The tag # for Robot IP is 8 The IP is sent as a U32 which is LabVIEWs encoding of the IP (e.g. 172.22.11.2 = 0x AC 16 0B 02 = 2887125762)

virtuald commented 8 years ago

@Kevin-OConnor thanks for the information, I got it working on a VM and a roborio I have here. Our last district event is this weekend, so I'll try this out and see if that improves our situation.

@PeterJohnson does ntcore have support for this already then?

virtuald commented 8 years ago

Fixed and released in 2015.3.2, and in 2016.0.0a2. Also added support to pynetworktables2js in 2015.2.2.

@cory2067 I don't have a LabVIEW setup, so I have not tested 2016.0.0a2. However, as Peter mentioned, since the DS is connecting to a server, this fix won't allow you to run the LabVIEW dashboard and pynetworktables concurrently on the same machine. If that is a requirement, you'll want to switch to a static IP setup.

PeterJohnson commented 8 years ago

No, ntcore does not have support for this protocol, and I don't think it should (it's really not the right place for it; it expects the "user" program like the dashboard application to provide an appropriate IP to connect to). However, I'm thinking we should also add support for this protocol to SmartDashboard to help alleviate the issues teams are seeing with it sometimes not connecting. It should be straightforward to do so, but unfortunately I don't have much time this week to work on it.

virtuald commented 8 years ago

Does ntcore allow changing the IP address after initialization? I know one of the limitations of the old protocol was that it can only be set before initialization, which is why I included it here.

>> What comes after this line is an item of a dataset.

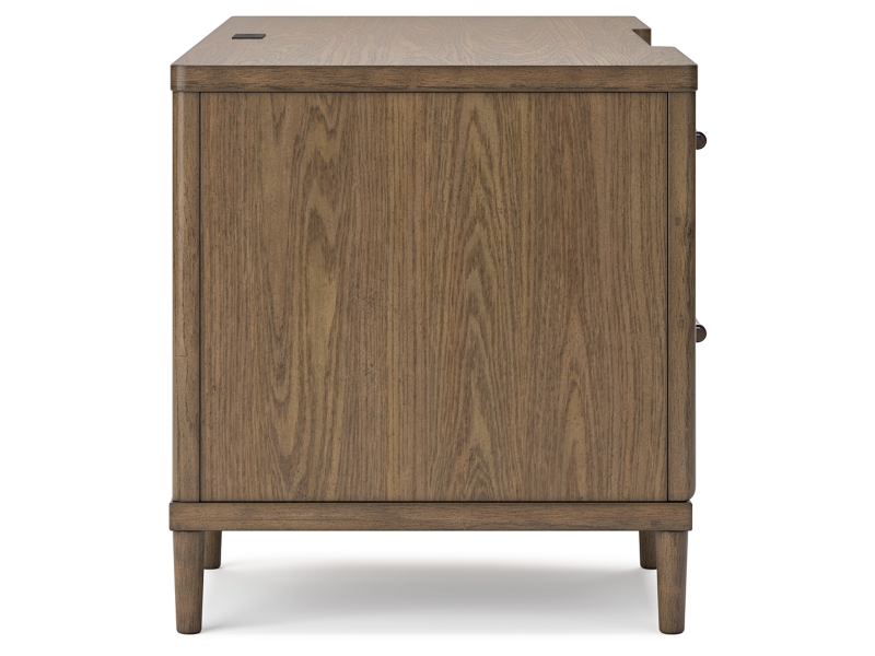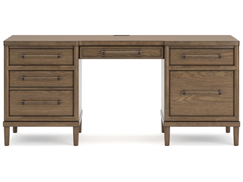 Mid-Century Modern styling. Made with hardwood solids, Oak veneer and MDF substrate. Clean, classic brown finish to enhance the Oak wood grain character, while softly rounded case frames and round tapered legs offer a mid-century appeal. Desk drawers feature French/English dovetails, fully finished interiors and heavy duty ball-bearing side glides. Desk features 5 standard drawers, a file drawer and 110V power supply with USB-A / USB-C charging ports. Solid wood drawer pulls are set with metal keepers for a casual look. The 54" wide book shelf has 5 spacious shelves with thick solid wood frames and a stylish back brace set with metal hook and keepers.

It does seem like the type of feature that could benefit from deep integration with ntcore (maybe via some interface to keep it decoupled).

PeterJohnson commented 8 years ago

You have to call StopClient() before you call StartClient() again, but yes, you can change the server address in ntcore at runtime. If it wasn't possible before, that was an implementation (or API) constraint, not a protocol constraint.

As ntcore runs on both the robot, DS, and coprocessors, and possibly multiple instances of it might be running simultaneously on the DS and/or coprocessor (e.g. SmartDashboard plus GRIP plus a user program), the approach of getting the IP address would need to change before I would consider integrating it. In future years, we could theoretically solve the narrow problem of multiple DS-local apps by doing a doorbell-type server in the DS app and connecting to localhost (e.g. reversing the current dashboard TCP connection), but that doesn't solve the coprocessor problem. If the robot IP address is not fixed, some discovery method is required. While mDNS has issues, adding a doorbell protocol to the DS app doesn't seem like the best solution, as after all the DS still needs to find the robot! If we had more consistent DNS that would likely be the best possible method. I think the main thing I'd need to add to ntcore in that case would be to take a list of client addresses to iterate over rather than just one, so it would e.g. try "roborio-xx.lan", then "roborio-xx.local", etc.